Wetsuit companies have been talking quietly about using limestone based neoprene, but it has not been adopted by many, likely because of the higher price of the material and the fact that most people believe the current materials used for wetsuits are working just fine. Consumers and companies alike often like to hold on to old ways of doing things until they are forced to change. Take Clark Foam for example. Modern surfboard manufacturing materials and techniques were around for years before they came into full use, and it would have taken even more time if Clark Foam hadn’t closed down.




To my knowledge at the moment there are only a couple of companies that are making wetsuits using this new product and they are Matuse, Patagonia and West wetsuits. Wet suits can be created using 100% limestone based neoprene or a blend of both limestone and oil based neoprene.

What’s Up with Limestone Neoprene?

You might be asking why anyone would want to use the new material to make a wetsuit when it is more expensive. That’s really the $10,000 question, and there are two main important answers to consider.

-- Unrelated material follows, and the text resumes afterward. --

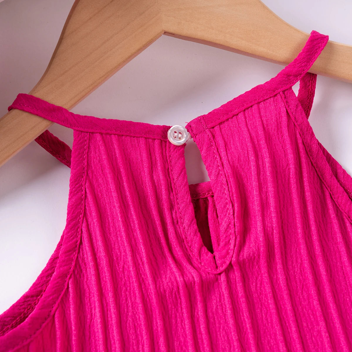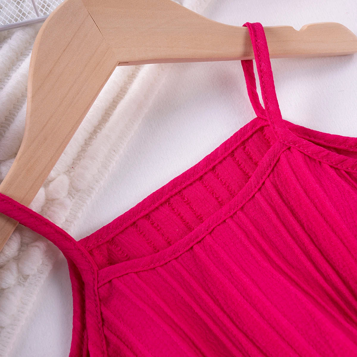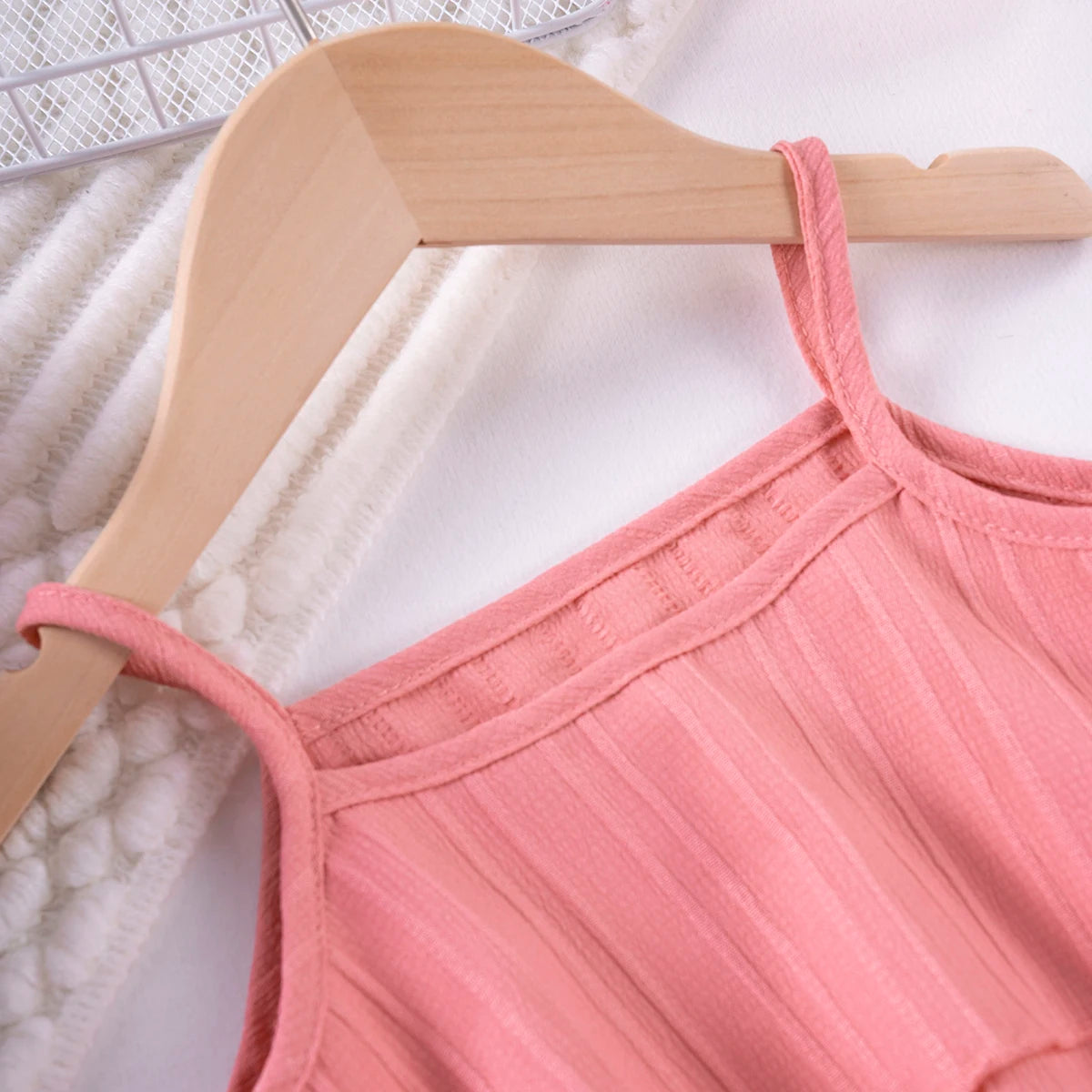 Girls Solid Color Suspenders Dress Set – Ruffles Top & Wide Leg Pants, Elegant Summer Outfit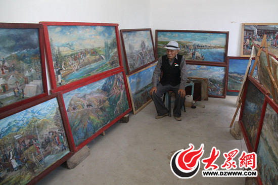 “我畫畫用的畫布是天山白布,一塊錢多錢一米,要是用專業畫布那的七八塊。”50多年的時間,老人先后數次從走西遷路,廢棄的畫布畫筆更是不計其數,才化繪成了眼前這46幅反映錫伯族西遷以來200多年歷史的系列油畫.老人說,他這輩子幾乎都用在《西遷圖》上了。

  1. 98% Water Impermeable – neoprene made from limestone, is 98% water impermeable! This is a huge improvement over petroleum-based neoprene which is only 65% water impermeable. 
  2. Low Water Absorption – Normal wetsuits absorb significantly more water than those made with the new material. If you jump in the water with an old neoprene wetsuit, when you get out you’ll notice that the suit is much heavier. This is because of all the water that it absorbs. Limestone neoprene suits absorb almost no water at all and will be noticeably lighter after getting out of the water.

What Makes Limestone Based Neoprene Superior?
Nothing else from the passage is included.